In this section, we will load the MNIST dataset and prepare it for training our CNN model.  Preprocessing steps are crucial to ensure our data is in the right format for the model to learn effectively.

**Instructions:**

1.  **Read through the code in the cell below.**  Understand how it loads the MNIST dataset and what preprocessing steps are applied.
2.  **Execute the code cell.**
3.  **Examine the comments in the code** to understand each preprocessing step in detail.

In [2]:
## Cell 2: Data Loading and Preprocessing
# -------------------------------
# Load the MNIST dataset
(x_train, y_train), (x_test, y_test) = mnist.load_data()

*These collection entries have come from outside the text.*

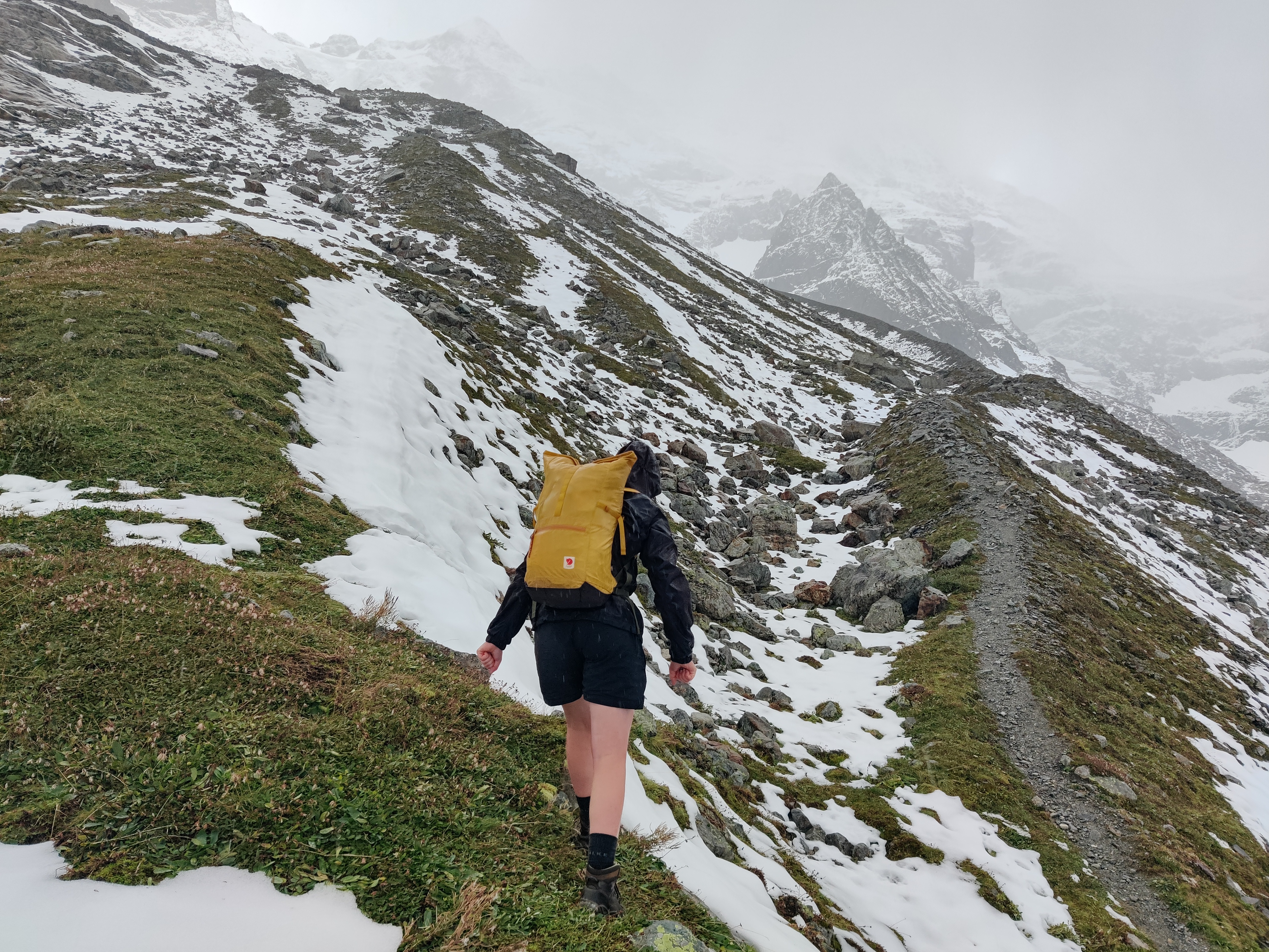 外国から訪ねてくれた友人にアルプスを見せたいと思っていたところ、9月のある日、ついにハイキングに出発することになりました。電車とバスを乗り継ぎ、無人の山小屋「シュマドリ・ヒュッテ」(Schmadrihütte)まで約4時間の道のりです。出発前には、スイス連邦地理局が提供する公式地図アプリ「swisstopo」で経路を確認しました。アプリには積雪状況もリアルタイムで表示されます。その日は小屋がちょうど雪線付近にあることが分かり、しっかり準備を整えて出発しました。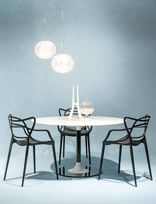 Une famille complète de lampes dont la particularité réside dans la forme du diffuseur, légèrement ovoïdal et transparent avec une surface à facettes à l’intérieur comme à l’extérieur, qui crée un jeu intense de reflets. Tokujin Yoshioka réussi à harmoniser la transparence et la lumière, grâce à un jeu de suggestions créatives des surfaces.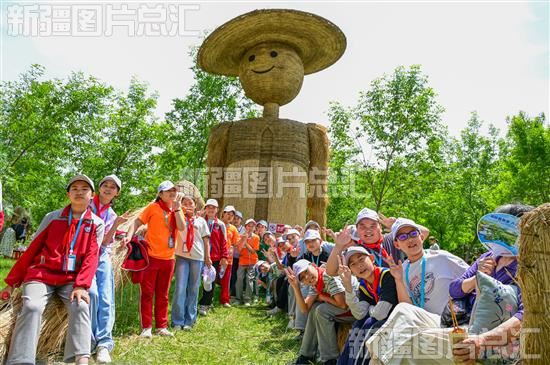 2023年6月1日,学生在位于昌吉市的新疆农业博览园内的巨型“稻草人王国”游玩拍照。

# Normalize the pixel values to the range [0, 1]
x_train = x_train.astype("float32") / 255.0
x_test = x_test.astype("float32") / 255.0

# Reshape the data to include the channel dimension (28x28x1)
x_train = x_train.reshape(-1, 28, 28, 1)
x_test = x_test.reshape(-1, 28, 28, 1)

# One-hot encode the labels
num_classes = 10
y_train = to_categorical(y_train, num_classes)
y_test = to_categorical(y_test, num_classes)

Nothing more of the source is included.